Kembali Lu Sian tertawa sambil menutupi mulut dengan tangannya. Kwee Seng makin heran. Benar-benar gadis yang aneh. Aneh dan berbahaya sekali. Ia tadi sengaja berterus terang untuk membalas agar gadis ini merasa terpukul. Akan tetapi kiranya gadis itu malah mentertawakannya!
"Hi-hik, kau lucu, Kwee-koko. Aku pun belum percaya akan cintamu kalau kau belum buktikan dengan berlutut menyembah-nyembah kakiku!" Setelah berkata demikian, gadis itu berseru keras dan menyendal kendali kudanya sehingga binatang itu terkejut dan membalap ke depan.
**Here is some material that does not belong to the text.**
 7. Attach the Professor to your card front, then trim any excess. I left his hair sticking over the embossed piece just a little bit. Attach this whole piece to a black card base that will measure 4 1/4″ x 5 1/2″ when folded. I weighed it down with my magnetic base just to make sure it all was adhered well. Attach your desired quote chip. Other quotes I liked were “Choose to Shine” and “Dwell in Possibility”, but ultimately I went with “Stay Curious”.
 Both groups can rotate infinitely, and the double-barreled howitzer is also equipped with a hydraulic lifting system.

Kwee Seng terheran-heran, lebih heran dari pada terhina oleh ucapan aneh itu. Akan tetapi ia merasa lega bahwa gadis itu mengakhiri percakapan yang menyakiti hatinya, maka ia pun lalu membedal kudanya mengejar, memasuki kota Kwei-siang.
Hari telah menjelang senja ketika mereka berdua memasuki kota Kwei-siang. Mereka mencari sebuah rumah penginapan yang juga membuka rumah makan di bagian depan. Seorang pelayan penginapan tergopoh-gopoh menyambut mereka, merawat kuda dan memberi dua buah kamar yang mereka minta. Setelah ke dua orang muda ini membersihkan diri dari debu dan keringat, berganti pakaian bersih, mereka lalu mengambil tempat duduk di rumah makan dan memesan makanan. Kwee Seng yang masih belum lenyap rasa tekanan hatinya, lebih dulu memesan seguci arak yang paling baik.
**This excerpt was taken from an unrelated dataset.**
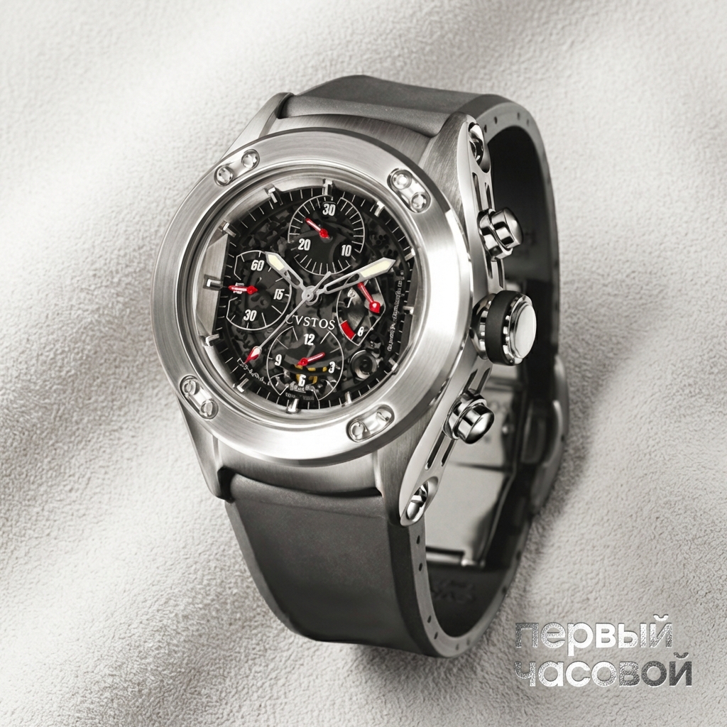 Сразу к делу: Cvstos — это выбор тех, кто любит стилистику Richard Mille, но умеет считать деньги. Перед нами крупный 44-миллиметровый стальной хронограф. На запястье он сидит плотно, ощущается весомо, но под классическую рубашку его запихнуть будет проблематично — это часы под футболку, поло или свободный стиль. Открытый механизм выглядит дорого, чернение добавляет агрессии, при этом читаемость страдает не так сильно, как у других скелетонов.

"Wah, kau mau mabok-mabokan lagi Koko? Benar-benar menjengkelkan! Aku malam ini ingin sekali bercakap-cakap denganmu sampai semalam suntuk!"
Sambil menuangkan arak pada cawannya, Kwee Seng menjawab, memaksa senyum, karena kadang-kadang, seperti sekarang ini sikap Lu Sian yang kekanak-kanakan mengelus dan menghibur hatinya, melenyapkan rasa sakit akibat ucapan-ucapan yang menusuk dari gadis itu pula.
"Biar pun minum arak bukan kebiasaanku dan baru saja hinggap padaku semenjak aku berjumpa denganmu, Moi-moi, akan tetapi aku tak akan begitu mudah mabok. Bercakap-cakap sambil minum kan dapat juga."
"Ihhh, siapa bilang? Biar kau tidak mabok, akan tetapi kau lebih mencurahkan perhatianmu pada arak, dan... eh, Koko, lihat mereka itu...."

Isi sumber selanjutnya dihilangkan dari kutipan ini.